→ **Work request**
Find the line with "发布信息: 大自然呈现出的美" and the line with "和久田 鮎菜さんを姓名の画数から五運を鑑定" in the entries below; output exactly those two lines, every line between them, and no others.

━━━━━ Records for processing

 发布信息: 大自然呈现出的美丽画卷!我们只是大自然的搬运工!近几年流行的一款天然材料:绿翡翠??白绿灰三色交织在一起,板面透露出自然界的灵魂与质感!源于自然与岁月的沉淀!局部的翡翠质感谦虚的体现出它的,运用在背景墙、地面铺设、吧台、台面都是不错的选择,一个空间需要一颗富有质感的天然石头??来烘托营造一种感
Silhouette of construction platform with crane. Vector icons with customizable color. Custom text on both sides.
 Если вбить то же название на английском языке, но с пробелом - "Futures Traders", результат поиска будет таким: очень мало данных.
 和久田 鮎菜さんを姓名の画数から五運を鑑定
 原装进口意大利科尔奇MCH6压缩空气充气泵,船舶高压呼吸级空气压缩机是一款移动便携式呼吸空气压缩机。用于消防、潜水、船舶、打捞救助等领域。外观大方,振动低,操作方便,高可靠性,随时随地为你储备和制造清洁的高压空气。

━━━━━━━━━━
━━━━━ Records for processing

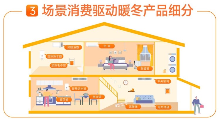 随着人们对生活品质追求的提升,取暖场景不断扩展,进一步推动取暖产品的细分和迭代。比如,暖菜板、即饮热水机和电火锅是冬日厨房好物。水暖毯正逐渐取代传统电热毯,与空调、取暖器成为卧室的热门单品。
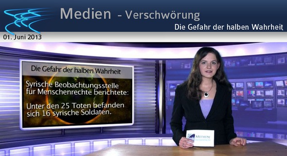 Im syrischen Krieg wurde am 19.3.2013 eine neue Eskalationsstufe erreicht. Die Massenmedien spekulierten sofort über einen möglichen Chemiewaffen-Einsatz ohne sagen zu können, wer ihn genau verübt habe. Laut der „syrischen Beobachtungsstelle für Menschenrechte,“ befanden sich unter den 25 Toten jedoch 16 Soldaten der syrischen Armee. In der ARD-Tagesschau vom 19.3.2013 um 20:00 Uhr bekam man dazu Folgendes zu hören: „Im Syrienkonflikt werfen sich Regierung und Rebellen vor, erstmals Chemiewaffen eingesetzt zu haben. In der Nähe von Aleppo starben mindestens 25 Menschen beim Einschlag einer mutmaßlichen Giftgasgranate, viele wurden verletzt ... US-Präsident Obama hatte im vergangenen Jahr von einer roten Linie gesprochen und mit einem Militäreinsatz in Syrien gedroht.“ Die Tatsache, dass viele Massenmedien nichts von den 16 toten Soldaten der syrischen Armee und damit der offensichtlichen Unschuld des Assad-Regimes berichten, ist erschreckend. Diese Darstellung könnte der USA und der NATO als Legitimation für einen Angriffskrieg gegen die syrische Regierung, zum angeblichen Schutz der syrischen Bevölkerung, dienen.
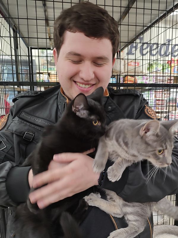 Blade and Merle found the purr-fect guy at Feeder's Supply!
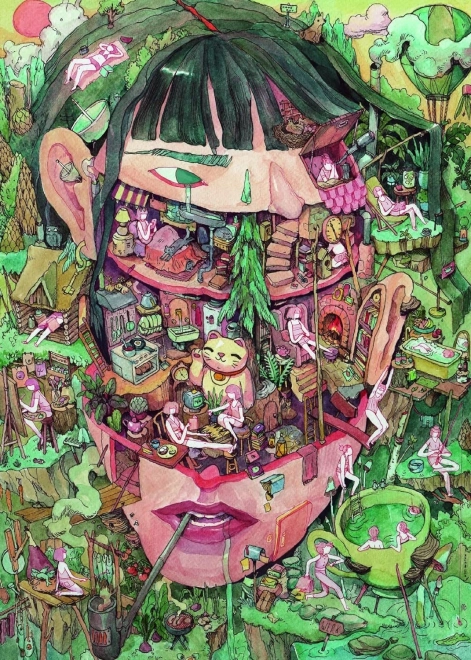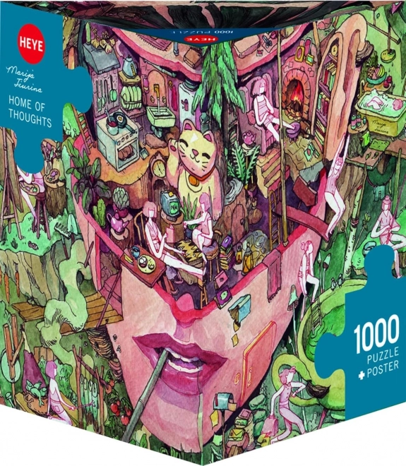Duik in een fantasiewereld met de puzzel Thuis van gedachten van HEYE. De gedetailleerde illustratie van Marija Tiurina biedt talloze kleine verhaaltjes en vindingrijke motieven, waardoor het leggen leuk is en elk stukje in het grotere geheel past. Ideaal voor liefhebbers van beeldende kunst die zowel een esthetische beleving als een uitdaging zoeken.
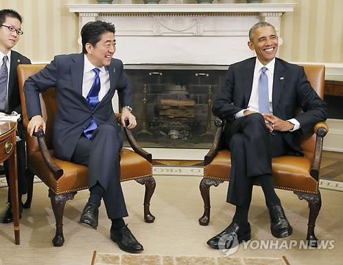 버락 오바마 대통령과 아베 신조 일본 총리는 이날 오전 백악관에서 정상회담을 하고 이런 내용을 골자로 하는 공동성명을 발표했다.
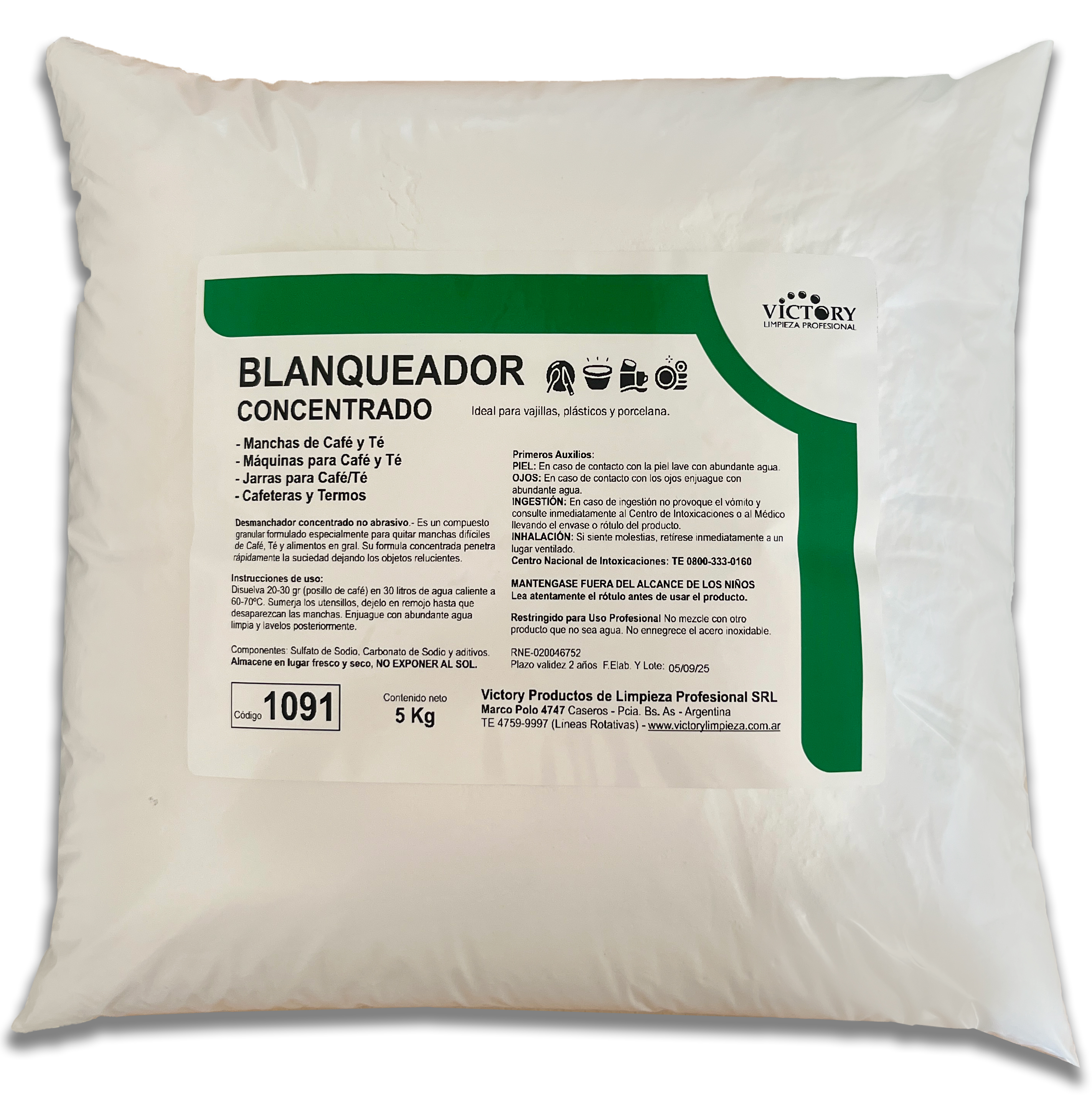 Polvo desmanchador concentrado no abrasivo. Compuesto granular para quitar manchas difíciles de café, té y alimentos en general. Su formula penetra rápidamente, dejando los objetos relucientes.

━━━━━━━━━━

→ **Solution to the exercise**
 发布信息: 大自然呈现出的美丽画卷!我们只是大自然的搬运工!近几年流行的一款天然材料:绿翡翠??白绿灰三色交织在一起,板面透露出自然界的灵魂与质感!源于自然与岁月的沉淀!局部的翡翠质感谦虚的体现出它的,运用在背景墙、地面铺设、吧台、台面都是不错的选择,一个空间需要一颗富有质感的天然石头??来烘托营造一种感
Silhouette of construction platform with crane. Vector icons with customizable color. Custom text on both sides.
 Если вбить то же название на английском языке, но с пробелом - "Futures Traders", результат поиска будет таким: очень мало данных.
 和久田 鮎菜さんを姓名の画数から五運を鑑定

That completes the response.